Hello, I’m a beginner in mlir and Toy Dialect. After following the tutorial, I’m now trying to convert some operations to GPU dialect based on affine dialect. I’m using the pass SCF to GPU , and some problems occur when I’m trying to convert the basic add between two tensor to GPU dialect.
The affine dialect of add is like:

affine.for %arg0 = 0 to 2 {
      affine.for %arg1 = 0 to 3 {
        %4 = affine.load %3[%arg0, %arg1] : memref<2x3xf64>
        %5 = affine.load %3[%arg0, %arg1] : memref<2x3xf64>
        %6 = addf %4, %5 : f64
        affine.store %6, %2[%arg0, %arg1] : memref<2x3xf64>
      }
    }

and after adding the SCFToGPU pass, it throws out an error:

error: 'affine.load' op index must be a dimension or symbol identifier

This should be a type check in affine dialect, however there’s no error while emitting affine dialect and error occurs in SCFToGPU pass.
A temporary solution is to use LoadOP instead of AffineLoadOP while lowering Toy to affine, but considering that I may want to add some more complex operations using AffineMap in the future, this couldn’t solve the problem perfectly.

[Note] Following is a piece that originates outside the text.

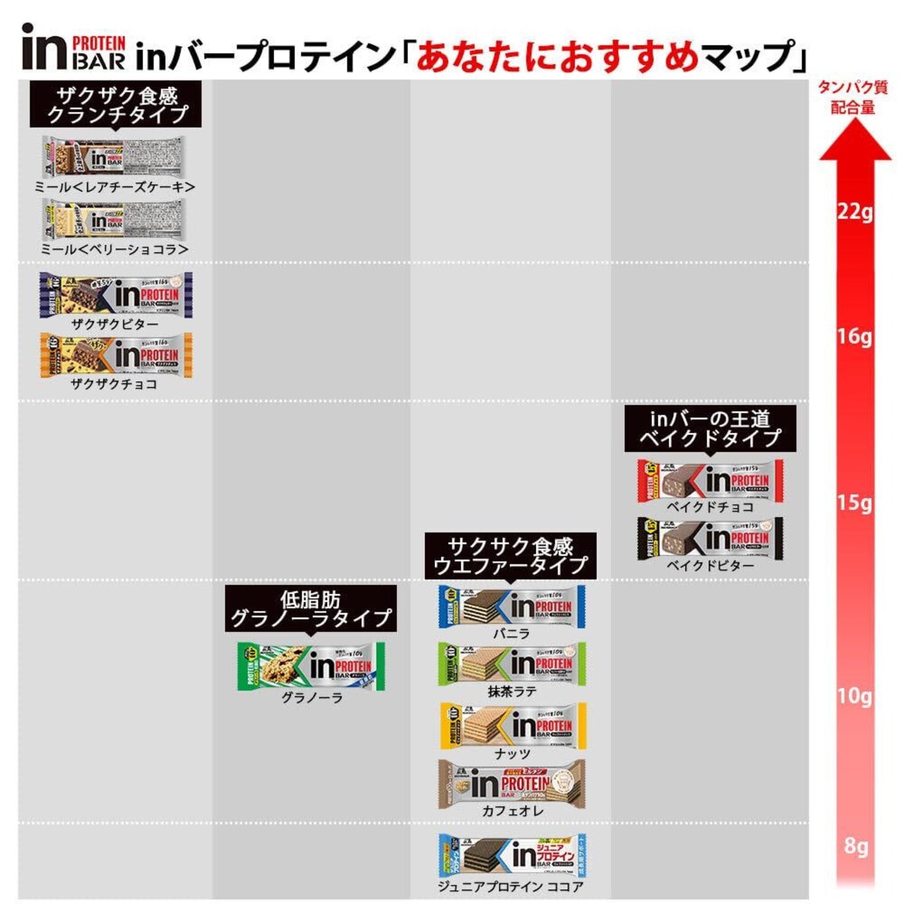 ● 【いつでもどこでもタンパク質チャージ】「inバー プロテイン」シリーズはおいしく手軽におやつ感覚でタンパク質を補給できる、バータイプの栄養補助食品です。プロテイン=タンパク質、タンパク質は体のあらゆる部分のもとになる大切な栄養素。「inバー プロテイン ベイクドチョコ」は1本でタンパク質15g、さらにタンパク質の働きに必要なビタミンB群(7種)を配合。焼きチョコタイプで手で溶けにくく、運動の合間だけでなくデザートや間食にもぴったりの味わいです。15本入りパッケージでお届けします。

What should I do to avoid such error and where’s the verify function of affine.load called in SCFToGPU pass?

Thanks!

First, the Toy dialect is what its name says it is, a toy. Please don’t consider it for anything other than understanding the basic concepts of defining new dialects in MLIR. It was not (and arguably should not be) designed for anything other than illustrating the tutorial chapters.

It is.

This means that the affine dialect as emitted is correct, but trying to apply SCFToGPU pass makes it incorrect. (Incidentally, there is no SCFToGPU pass, I assume you meant AffineForToGPU.) The verifier runs after every pass and complains about any errors in the new state of the IR.

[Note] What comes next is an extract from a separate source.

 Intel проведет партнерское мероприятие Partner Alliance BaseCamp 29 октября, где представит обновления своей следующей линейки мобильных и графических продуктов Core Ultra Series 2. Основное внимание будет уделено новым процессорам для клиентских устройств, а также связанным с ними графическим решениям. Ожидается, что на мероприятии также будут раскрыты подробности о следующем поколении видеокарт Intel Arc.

This would break any chance of Affine dialect being able to reason about this code. There is no point, at least currently, in emitting affine "for"s and non-affine memory accesses.

I suppose you’d need to modify the AffineForToGPU pass so that it also converts affine.loads whose operands are no longer classified as dimensions or symbols (in particular, loop iterators that got replaced with thread/block ids) into “standard” loads, while keeping the rest of the loads intact.

It is not called in the pass. It wouldn’t be reasonable to call verification functions on every possible IR object in every possible pass. Instead, the pass manager calls the module/function-level verifier after every pass. The top-level verifier then dispatches to individual verification functions as necessary. I don’t think we want to change this behavior.

Thanks for you reply!

Does your words mean that a verification happens during the conversion, while some operands of affine.load got replaced with thread/block ids and the operation is still affine.load, and these ids are found illegal for affine.load in type check?

So is it the point that current AffineForToGPU pass doesn’t support the conversion of affine.loads? Or it’s not a common error and it just occurs because the affine code generate by Toy dialect has some problem with some further conversion?

It is not happening during the conversion but after, passes are allowed to create invalid IR as long as they correct it later, and it’s not exactly a type check, but the general reasoning is correct.

Looks like it.